Di hadapan polisi yang memeriksanya, pria asal Kabupaten Bojonegoro, Jawa Timur yang tinggal tidak jauh dari rumah Dadong Minten di Pulau Natuna 3 Kelurahan Penarukan, Kecamatan/Kabupaten Buleleng itu, mengaku nekat membunuh korban karena sakit hati.

Bacaan Lainnya

Seizin Kapolres Buleleng, Kasat Reskrim AKP Vicky Tri Haryanto ketika dihubungi melalui saluran telepon di Singaraja, Minggu (18/4) petang menyebutkan, dari hasil interogasi, terduga pelaku YJ mengakui perbuatannya telah menghabisi nyawa Dadong Minten di rumah korban pada 27 Maret lalu.

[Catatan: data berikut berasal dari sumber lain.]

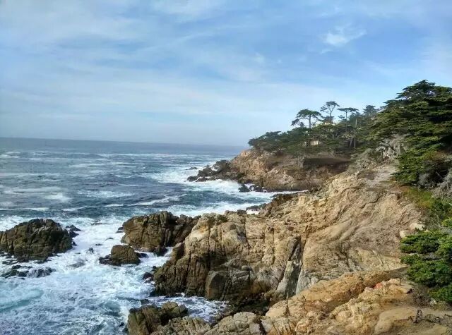 驾车从旧金山出发,沿着1号公路南下洛杉矶,路经蒙特雷市的一处半岛型海边公路,围绕着著名的卵石滩度假区--【美国西岸黄金海岸线17里湾】(约40分钟)这里是加州著名的观光景点之一,被评为全美三大最佳驾车风景路线。这里除了沿路海天一色外、还偶可看到最具代表性的孤寂柏树、槐树;此外,这里还是天然的野生动物公园,如幸运可见海豹、山鹿、海燕、海鸥等就近栖息或散步在路旁。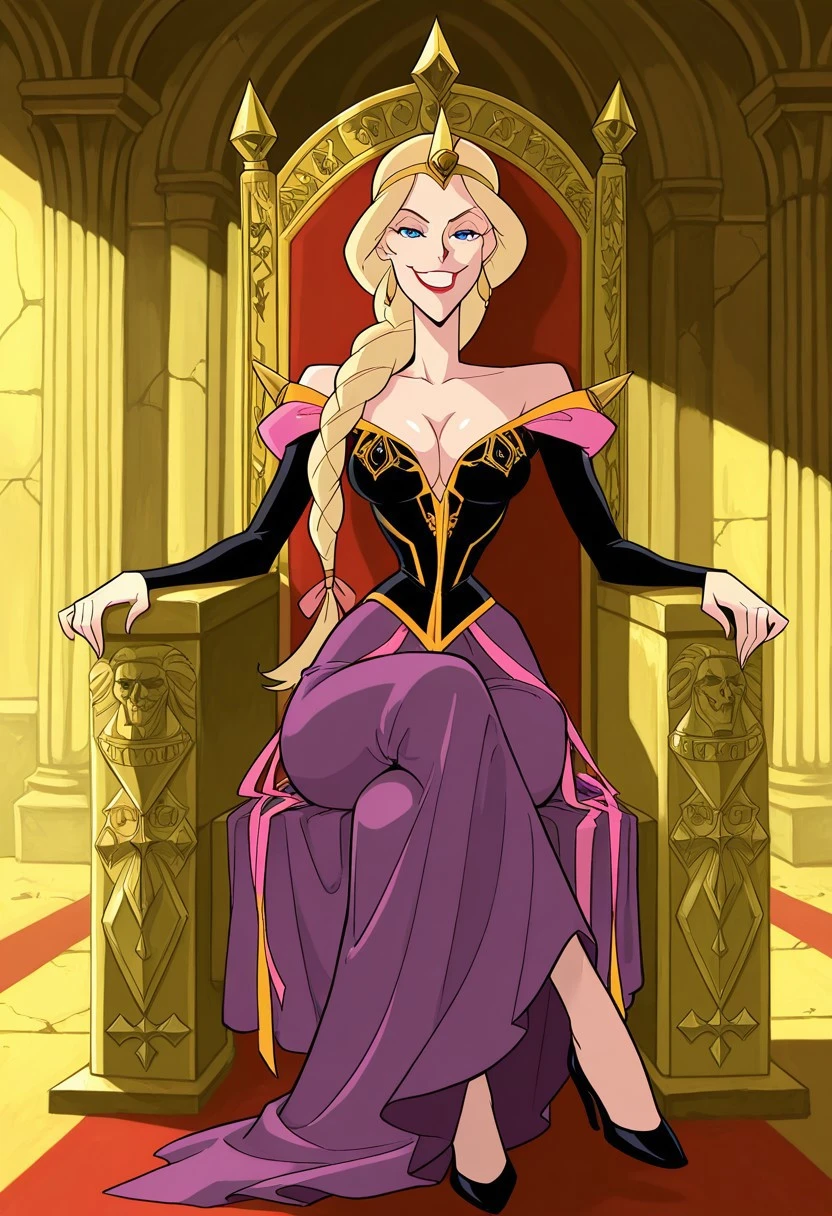 Tiara, earrings, black gold corset pink ribbons, black sleeves, purple skirt yellow ribbon, black heels

Terduga pelaku mengaku gelap mata melakukan itu setelah merasa sakit hati dan dendam kesumat akibat pernah dimaki-maki dengan kata-kata kasar oleh korban Dadong Minten.

“Terduga pelaku YJ, mengaku sakit hati lantaran pernah dimaki-maki. Sempat dimaki dengan kata kasar seperti cicing (anjing) oleh korban pada Rabu (24/3) lalu. Nah, makian kata kasar cicing inilah yang menyulut dendam yang akhirnya membuat YJ nekat menghabisi nyawa Dadong Minten pada Sabtu (27/3) lalu,” kata Kasat Vicky, menjelaskan.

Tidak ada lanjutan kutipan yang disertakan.